Your task: Could you set down exactly the lines in the records below between the line holding "工商管理學院黨委副書記施毅婷" and the line holding "Camel renkli kaşmir", inclusive?

Data excerpts:

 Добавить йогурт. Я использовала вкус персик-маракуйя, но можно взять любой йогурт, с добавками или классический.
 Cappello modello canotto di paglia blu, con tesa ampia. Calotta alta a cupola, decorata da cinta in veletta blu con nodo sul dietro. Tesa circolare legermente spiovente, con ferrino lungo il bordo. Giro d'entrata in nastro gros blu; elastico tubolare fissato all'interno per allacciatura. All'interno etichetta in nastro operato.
==
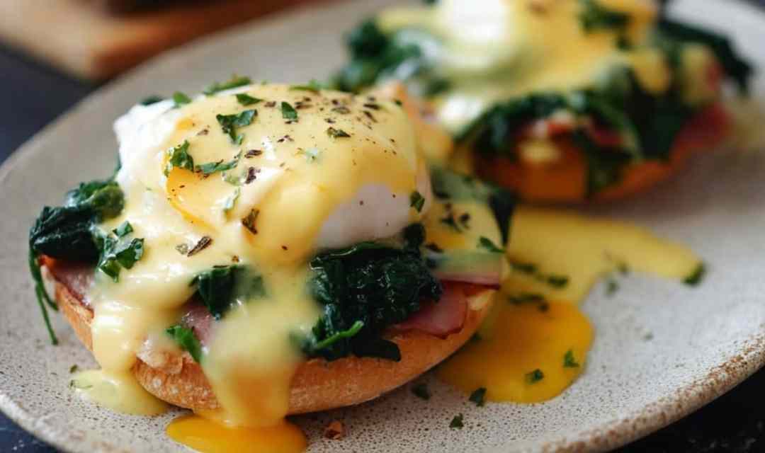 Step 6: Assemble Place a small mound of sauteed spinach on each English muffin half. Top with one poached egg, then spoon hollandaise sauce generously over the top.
--
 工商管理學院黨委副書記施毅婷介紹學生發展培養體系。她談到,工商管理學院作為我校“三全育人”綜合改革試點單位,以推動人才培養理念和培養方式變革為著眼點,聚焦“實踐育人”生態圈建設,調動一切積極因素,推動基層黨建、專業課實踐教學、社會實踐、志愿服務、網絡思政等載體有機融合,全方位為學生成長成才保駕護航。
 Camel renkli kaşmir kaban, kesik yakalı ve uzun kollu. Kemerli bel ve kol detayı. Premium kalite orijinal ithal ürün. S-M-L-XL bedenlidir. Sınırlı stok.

Worked solution:
 工商管理學院黨委副書記施毅婷介紹學生發展培養體系。她談到,工商管理學院作為我校“三全育人”綜合改革試點單位,以推動人才培養理念和培養方式變革為著眼點,聚焦“實踐育人”生態圈建設,調動一切積極因素,推動基層黨建、專業課實踐教學、社會實踐、志愿服務、網絡思政等載體有機融合,全方位為學生成長成才保駕護航。
 Camel renkli kaşmir kaban, kesik yakalı ve uzun kollu. Kemerli bel ve kol detayı. Premium kalite orijinal ithal ürün. S-M-L-XL bedenlidir. Sınırlı stok.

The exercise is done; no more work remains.